06 April 2010

Carnivorous Plant May be Vegetarian (but not vegan). Eating them, not so much.

A cultivated Nepenthes rajah
Note:  You also may be interested in another post:  A Partial List of Edible Carnivorous Plants and Fungi.

I read recently about a new study: Trap geometry in three giant montane pitcher plant species from Borneo is a function of tree shrew body size. The study describes how one of the largest carnivorous plants in the world, Nepenthes rajah, may have evolved not to eat animals, but to eat poo. And you thought that it was just a coincidence that it looks like a toilet. Though I guess in Borneo they use squat toilets, but whatever. The study shows that the distance between the 'seat' and a gland that extrudes a nectar-like substance on the 'lid' is the exact height of a local tree shrew, Tupaia montana. Now before you think they just were measuring animals at random, these critters poop where they eat (despite any advice to the contrary), to mark their territory and keep away any competitors. However, when feeding from this pitcher plant, the feces fall in the 'bowl' of the plant, and the plant becomes a coprophage.  And if anything needs a picture it's a tree shrew pooping in a toilet plant, so if anyone has one, please send it my way.

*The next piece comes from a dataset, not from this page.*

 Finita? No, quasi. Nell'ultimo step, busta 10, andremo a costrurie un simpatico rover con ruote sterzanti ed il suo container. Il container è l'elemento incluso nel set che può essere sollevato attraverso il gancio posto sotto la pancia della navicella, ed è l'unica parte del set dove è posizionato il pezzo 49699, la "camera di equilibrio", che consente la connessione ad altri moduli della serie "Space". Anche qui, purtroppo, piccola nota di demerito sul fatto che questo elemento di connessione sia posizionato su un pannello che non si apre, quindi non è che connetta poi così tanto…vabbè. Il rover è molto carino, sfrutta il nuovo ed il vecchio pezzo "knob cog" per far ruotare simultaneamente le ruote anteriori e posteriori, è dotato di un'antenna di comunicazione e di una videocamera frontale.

I'm sure that N. rajah is not picky about what ends up in it's bowl for it to 'eat,' so it's not really 100% vegetarian (some treeshrews and mice do fall in and die).  It does make the whole diet nomenclature seem kind of silly.  'Vegetarian plant' sounds weird to me (though admittedly 'vegetarian' is not a very specific term to say the least).  Especially for eating feces.  And especially since I put manure on my vegetables in my garden, and they 'eat' that.  Sure a special organ made to trap animals and/or animal byproducts is a little more advanced than just sucking up whatever from the roots, but many plants excrete enzymes from their roots to digest organic material before it is absorbed by the roots.  But again, that is even less specificity than just having a bowl for stuff to fall in, and definitely less than having one set up to be a treeshrew rest stop. 

Capsella bursa-pastoris
Would you eat a carnivorous plant?  How about a vegetarian plant?  Or a hypothetical vegan plant?  The only example of the former that I've seen for sale as food is the possibly protocarnivorous plant Capsella bursa-pastoris, commonly known as shepherd's purse.  I have eaten this before I knew what it was, in frozen steam buns I got at an East Asian grocery store.  I now avoid it, because it's just as easy to do so, and then my conscience is clear.

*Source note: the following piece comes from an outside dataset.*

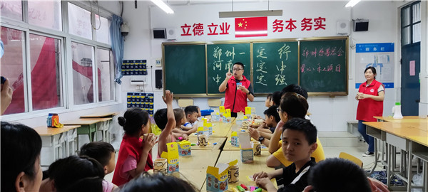 7月21日,走进学校,到处都看到是“红马甲”,学校教师、家属、子女都参与到了志愿服务当中。组织发放被褥、引导分配宿舍、分发餐饮食物到处都是志愿者的身影。为了让避险群众方便生活,学校制定张贴住宿公告,指引居民使用校园设施;播放电影动画,陪伴居民孩子娱乐;开展应急救援培训,教授遇险应对技巧;组织手工制作,充实避险生活。各项志愿服务为避险居民营造了温暖、快乐、充实的环境,得到了新华社、郑州日报、大河报、郑州教育电视台的关注,向社会展示了学校在危难时刻的担当和作为,仁心和大爱。
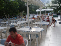 Неплохой отель для отдыха - без детей ..Территория - маленькая , но есть самое необходимое - бассейн с 2 горками , бар на улице - там вечерами проходит дискотека, ресторанчик - вечерами проходит ужин . пляж - 100 метров , много камней - лучше покупать специальные тапочки -3 доллара в торговых палатках рядом . для взрослых людей , семейных пар - вполне приличный отель , кормят нормально . Из фруктов - арбузы , дыни , персики , сливы , яблоки , мандарины .. Завтраки скудноватые - 1 раз в неделю жарили яичницу, 1 раз - блинчики , а так - варёные яйца , мюсли , мёд , варенье, помидоры , огурцы, сыр , подобие кобасы из сои . В обед и ужин - выбор большой , картошка - запечённая с сыром , рис , спагетти, много зелени - петрушка, укроп, даже не знаю названия 4 вида ещё какой то травушки-муравушки , вкусные оливки , баклажаны -, кабачки , курица , рыба, говядина .. Вполне можно всем объесться .. Рядом с отелем много торговых палаток .. Но самое главное - воздух , вокруг горы , мандариновые деревья и сосны ..

Another edible protocarnivorous plant is Proboscidea spp., or devil's claw.  Here is a blurb on it from Southwestern Endangered Aridlands Resource Clearing House:

Proboscidea parviflora seed pods
Cultivated by many Southwest tribes, the seed is rich in oil and protein.[...] Dried seeds can be peeled and eaten[...]. The young fruits, when still tender, can be cooked as an okra-like vegetable.
Drosera rotundifolia
Proboscidea are also used to make baskets, which you may or may not consider vegan.  I read some chatter that that Sarracenia purpurea (purple pitcher plant) and Drosera rotundifolia (common sundew) are used in traditional medicines, and the latter possibly in some modern ones.  Would it be ethical/vegan to use these medicines?

I'm not sure if N. rajah is edible, or even if anyone has tried eating it, though I can't see how the treeshrews are being particularly exploited.  Undoubtedly if the toilet plants were commercially cultivated I can imagine some horrible fate for the treeshrews akin to foie gras ducks.

So as always, let me know what you think.  Where do you draw the line?